In the early days of miniature painting in sixteenth century Europe, the work was done mainly on vellum or ivory, occasionally on old playing cards which had a smooth surface. Of course, now the thought of using ivory is abhorrent, but antique ivory is still available in the form of old piano keys. A friend gave me a piano key, cleaned with toothpaste to remove years of build-up from sticky fingers practising their scales, with instructions to paint on it. Of course the early miniatures were all portraits, so I decided on a more modern approach.
This was very much an experiment, as this was a surface I have never worked on before. My inspiration was a small image of the shadows of palm fronds, distorted on a beach, and I treated it without too much attention to accurately reproducing the image, the emergence of an abstract image was what I was looking for. One of the beauties of ivory is the warm colour and the texture of the growth rings which are just visible on close inspection, so I wanted to leave some of the natural colour.
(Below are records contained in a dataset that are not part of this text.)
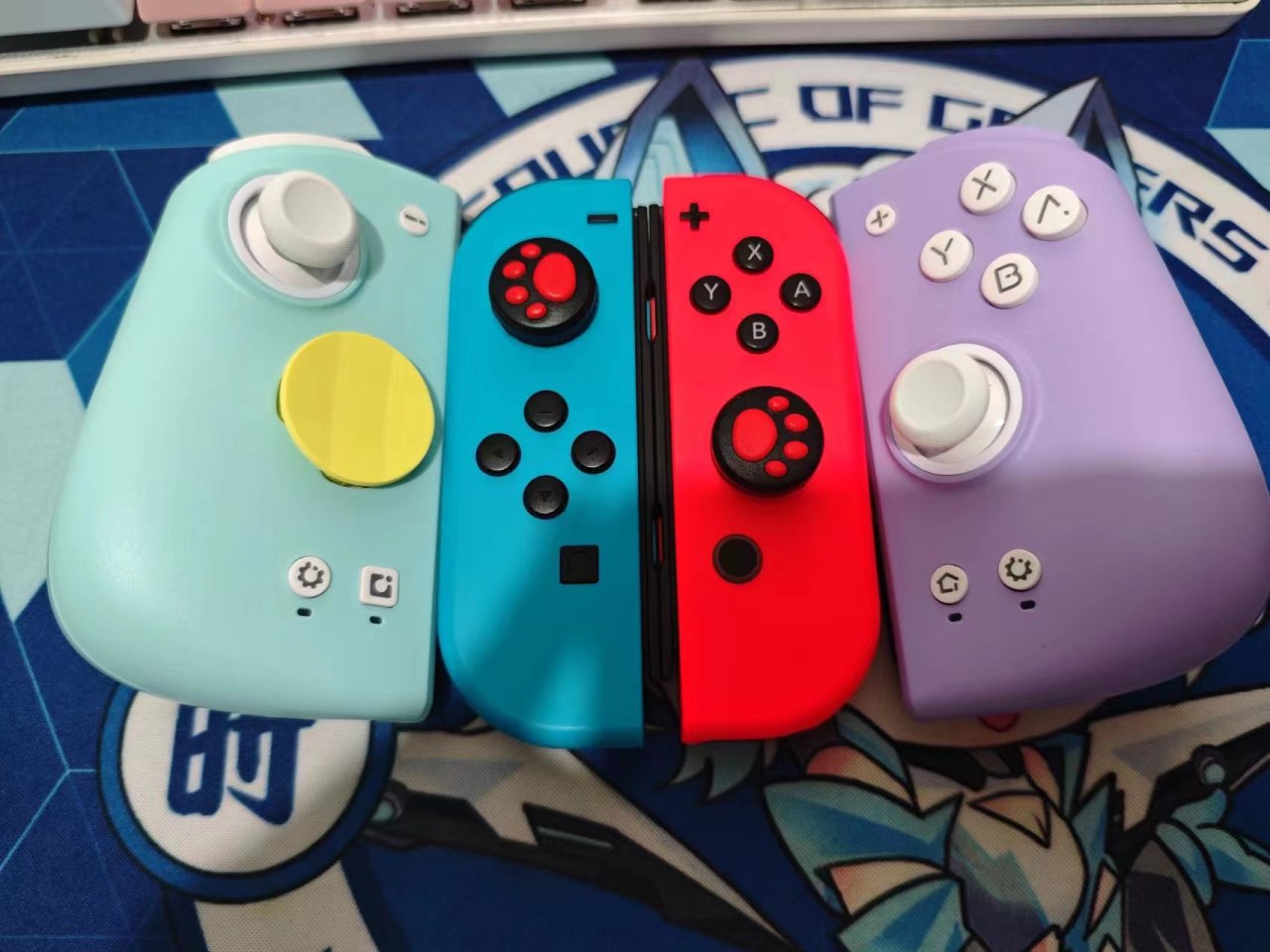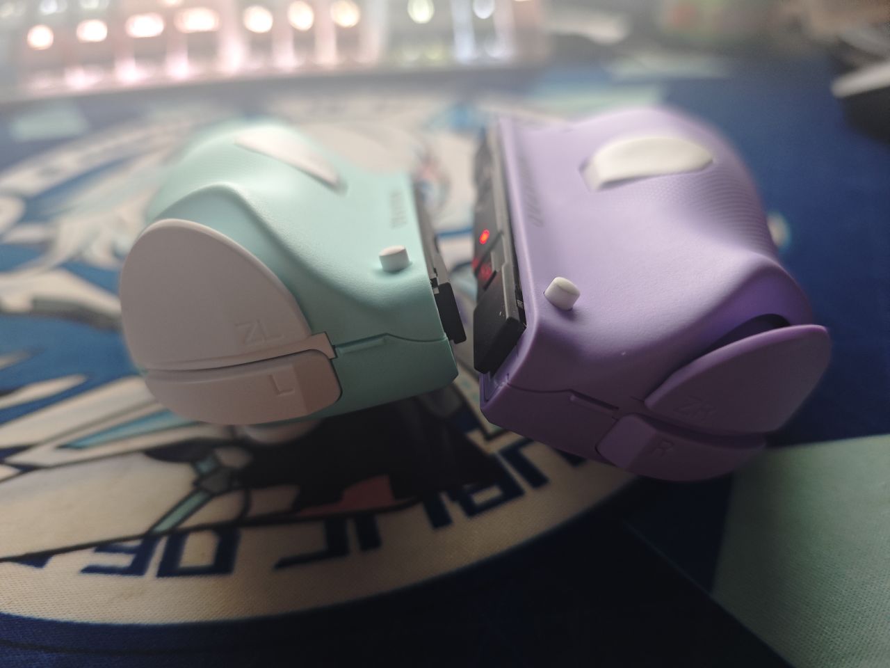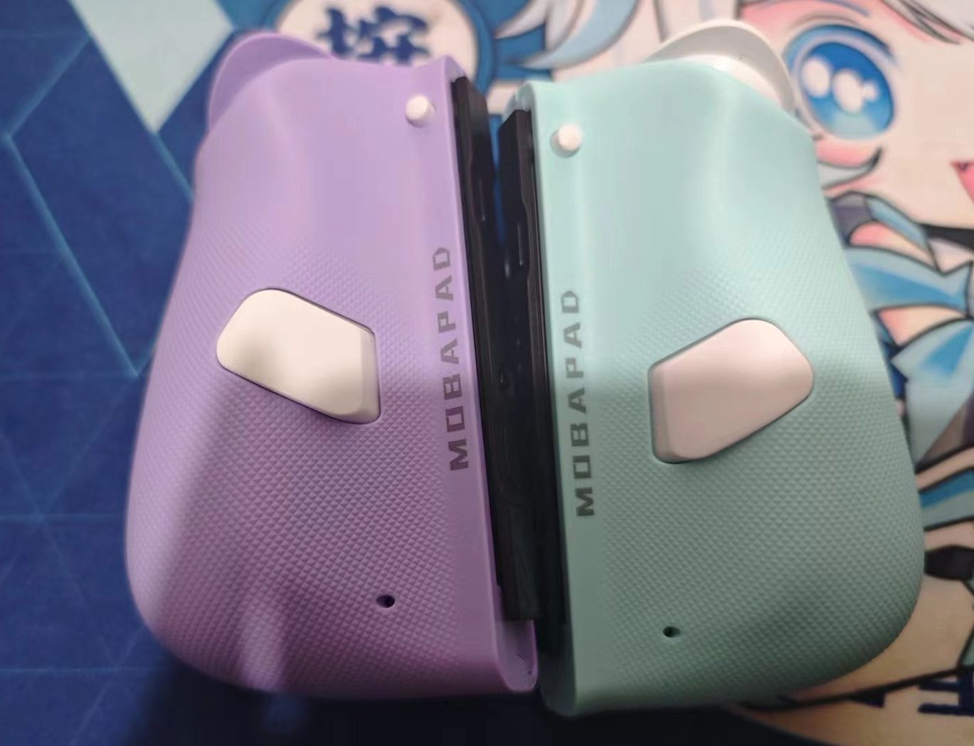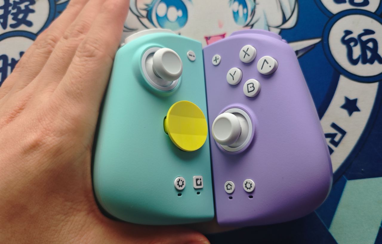 手柄配色为浅蓝色和紫色,左手柄整体为浅蓝色系,右手柄为紫色系。面盖是磁吸式,可以方便更换。
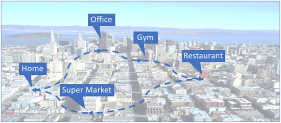 - Ashbrook, D.; Starner, T. Using GPS to learn significant locations and predict movement across multiple users. Personal Ubiquitous Comput. 2003, 7, 275–286. [Google Scholar] [CrossRef]
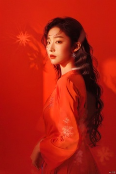 A young model in Chinese dress poses with her arms leisurely, in front of divine light with silhouette light illuminating the edges of the long curly hair, snowflake, solid color red background, Excellent skin texture, gaze deeply, cheerful atmosphere, in the style of eye-catching resin jewelry, Beauty product advertising, photo studio, matte photo, minimalist beauty, meticulous linework precision, feminine beauty,
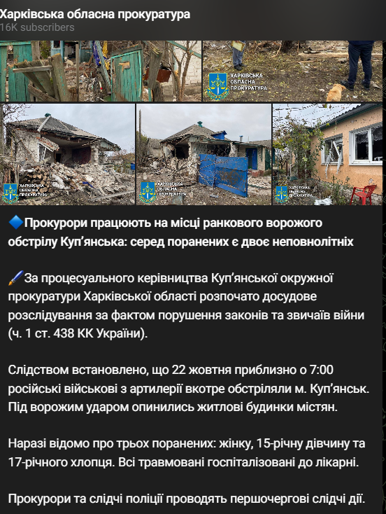 "22 жовтня приблизно о 7:00 російські військові з артилерії вкотре обстріляли м. Куп'янськ. Під ворожим ударом виявилися житлові будинки городян", - йдеться у повідомленні.
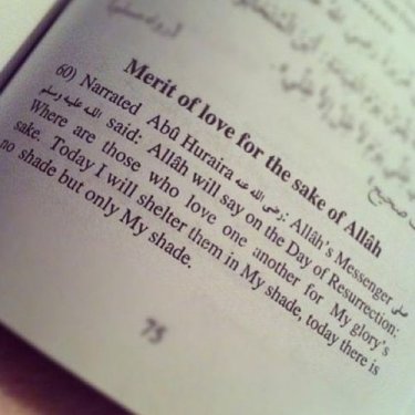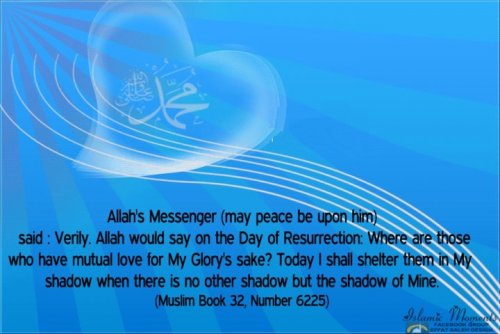 Love for the sake of Allah Abu Hurayra reported that the Messenger of Allah, may Allah bless him and grant him peace, said, "Allah Almighty will say on the Day of Rising, 'Where are those who loved one another for the sake of My majesty? Today, on the day when there is no shade but My shade, I will shade them.'" [Muslim] Abu Hurayra reported that the Prophet, may Allah bless him and grant him peace, said, "A man visited a brother of his in another village and Allah positioned an angel to wait for him on his way." He mentioned the hadith to his words, "Allah loves you just as you love him for His sake." [Muslim] Mu'adh said, "I heard the Messenger of Allah, may Allah bless him and grant him peace, say, 'Allah, the Mighty and Exalted, says, "Those who love one another for My majesty will have minbars of lights. The Prophets and martyrs will envy them."'" [at-Tirmidhi] Hadith Collection from Sunnipath
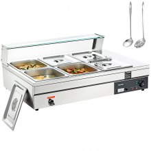 VEVOR Calentador de Bandeja de Patatas Fritas de Acero Inoxidable 20 L Lámpara de Calentador de Alimentos con Tira Comercial 750 W Estación Dispensadora de Luz de Calor Eléctrica 40-50 °C para Buffet
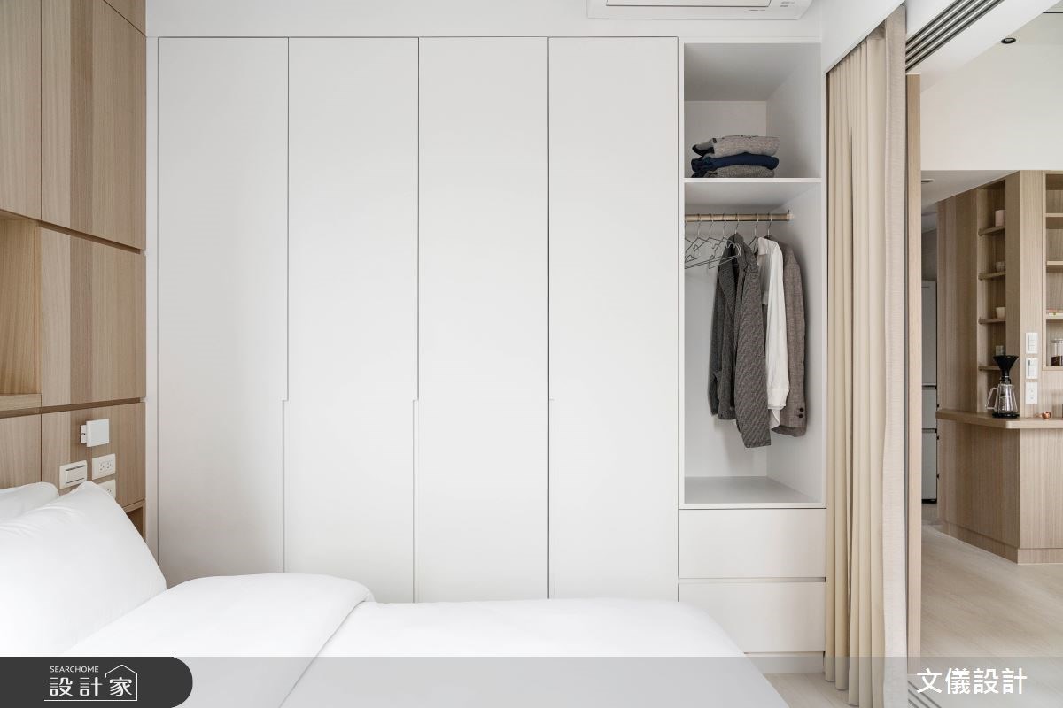 若臥室空間較小或不喜歡大型櫃體帶來的侷促感,將大型衣櫃收納以開放式設計呈現,讓空間輕盈許多,衣服一目瞭然陳列臥室中,拿取或收納效率提升不少。反之,美觀的開放衣櫃若沒有維持良好整潔習慣,反而成為臥室中的凌亂來源。喜歡開放衣櫃設計感的人,不妨參考一日衣櫃的設計巧思,利用複合設計概念將衣櫃一小部分打開,提供隨手掛放、髒衣暫留的開放區域,大容量收納則隱藏於櫃內,解決全開放設計帶來的缺陷。
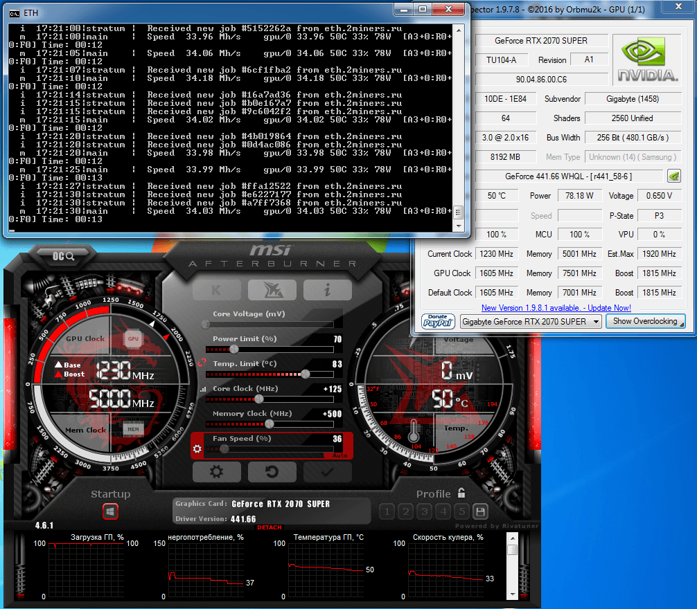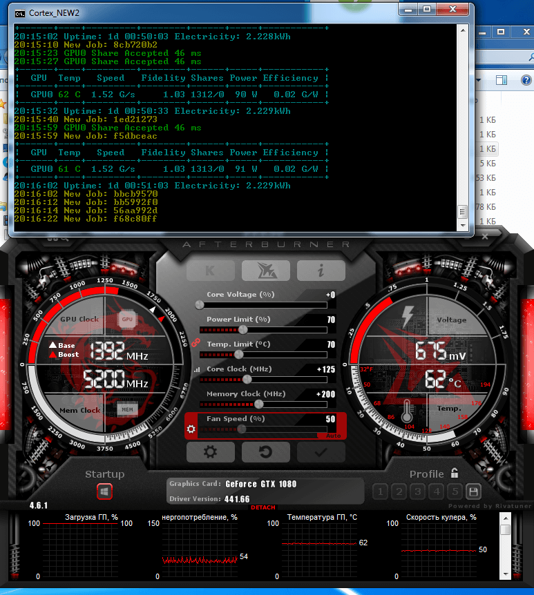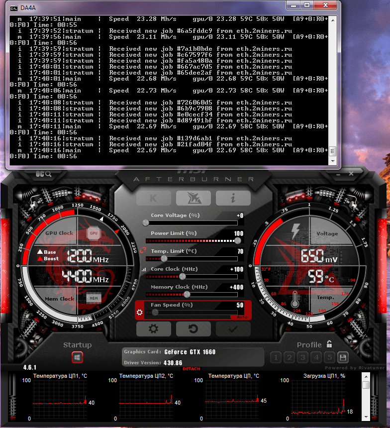 As you can see in the screenshot if you lower the 1660 core voltage to 650 mV, the hash rate drops significantly, but energy efficiency doesn’t grow. It’s important to search for and know your GPU’s optimal minimum, as well as an optimal maximum (without overheating). Overheating leads to a significant deterioration of GPU functions and can even cause it to break.

The paint is oil paint – other media may work, but this was my choice for this piece. Using a small pointed brush, I used the paint quite thinly, and found I could scratch out areas with the edge of a tiny screwdriver, but the paint does stain. There is more experimenting I can do using solvents I think. This is not really cleanly done, don’t look too closely! But I enjoyed the experiment, learned a lot and will do it again.
The ruler is included in the photo to give a sense of scale.